Race Relations Commissioner Claims Immunity

The Race Relations Commissioner, Joris de Bres, has formally claimed immunity from his own legislation in papers filed in the Human Rights Disputes Tribunal (see attached).

"Mr de Bres is determined not to put his comments to the same test that he'd apply to remarks made by any other New Zealander," says National Party East Coast Bays MP Murray McCully.

The papers were filed in response to proceedings initiated by Mr McCully following a speech by Mr de Bres likening non-Maori New Zealanders to the Taliban in Afghanistan.

The proceedings were filed in the Tribunal after the Human Rights Commission, of which Mr de Bres is a member, had earlier decided to take no action on Mr McCully's complaint.

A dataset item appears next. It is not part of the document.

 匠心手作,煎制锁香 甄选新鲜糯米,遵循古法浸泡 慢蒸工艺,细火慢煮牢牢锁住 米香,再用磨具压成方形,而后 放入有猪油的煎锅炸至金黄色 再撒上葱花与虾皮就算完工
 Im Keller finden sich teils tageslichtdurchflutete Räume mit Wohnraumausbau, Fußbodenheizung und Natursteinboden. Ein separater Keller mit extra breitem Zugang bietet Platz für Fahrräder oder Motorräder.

The papers, filed as a Statement of Reply by Mr de Bres, open with a claim that 'the defendant is a person to whom S130 of the Act applies.'

S130 is the section which provides immunity for members of the Human Rights Commission in relation to 'anything he or she may do or report or say in the course of the exercise or intended exercise of his or her duties.'

Mr de Bres and the chair of the Human Rights Commission, Roslyn Noonan, claim that the section provides immunity for any actions by members of the Commission.

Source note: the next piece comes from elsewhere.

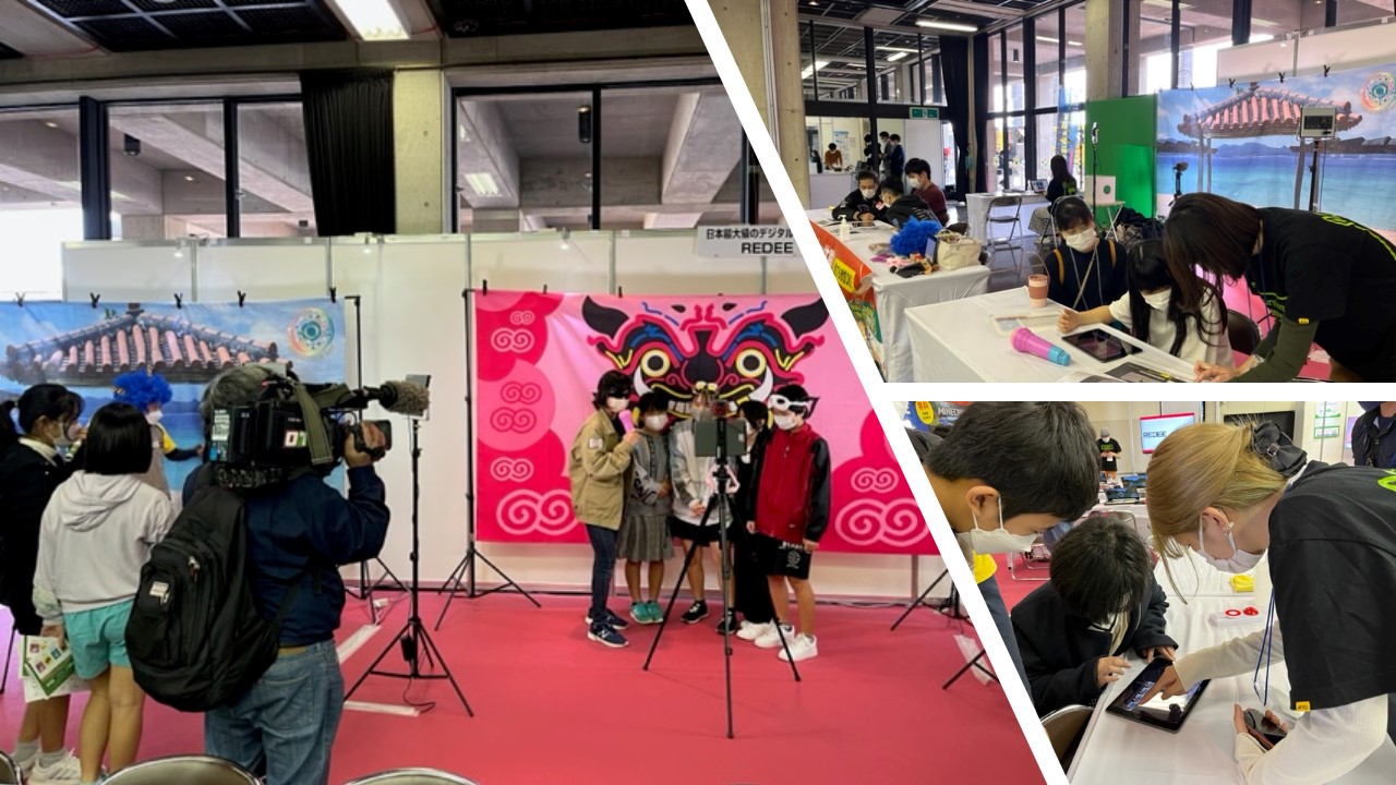 REDEEはそのイベントの中で、YouTuber体験、ゲーミング英会話の2種類のコンテンツを提供。2日間で市内の子どもたちを中心とする約150名が参加し、最新のデジタル機器によるデジタル体験をしました。

They also claim the immunity cannot be waived, but Mr McCully says the section only applies to formal quasi-judicial actions of Commissioners in dealing with specific cases before them.

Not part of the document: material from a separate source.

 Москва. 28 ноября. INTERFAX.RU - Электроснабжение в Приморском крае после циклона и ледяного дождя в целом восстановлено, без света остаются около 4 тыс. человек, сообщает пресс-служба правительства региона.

"This claim of immunity is a nonsense, a total outrage," Mr McCully says.

"In filing this document, the Race Relations Commissioner is formally seeking protection from, and placing himself above, the very law which he seeks to apply to all other New Zealanders.

"He and his fellow travellers at the Human Rights Commission are seeking to abuse an immunity which was intended to protect the formal workings of the Commission.

"They now claim it provides them with immunity for every provocative speech they choose to deliver.

"I invite Mr de Bres to consider whether he can continue to expect the New Zealand public to have confidence in him and his colleagues when they clearly fear the prospect of having their own actions measured by the same yardstick they apply to others," Mr McCully says.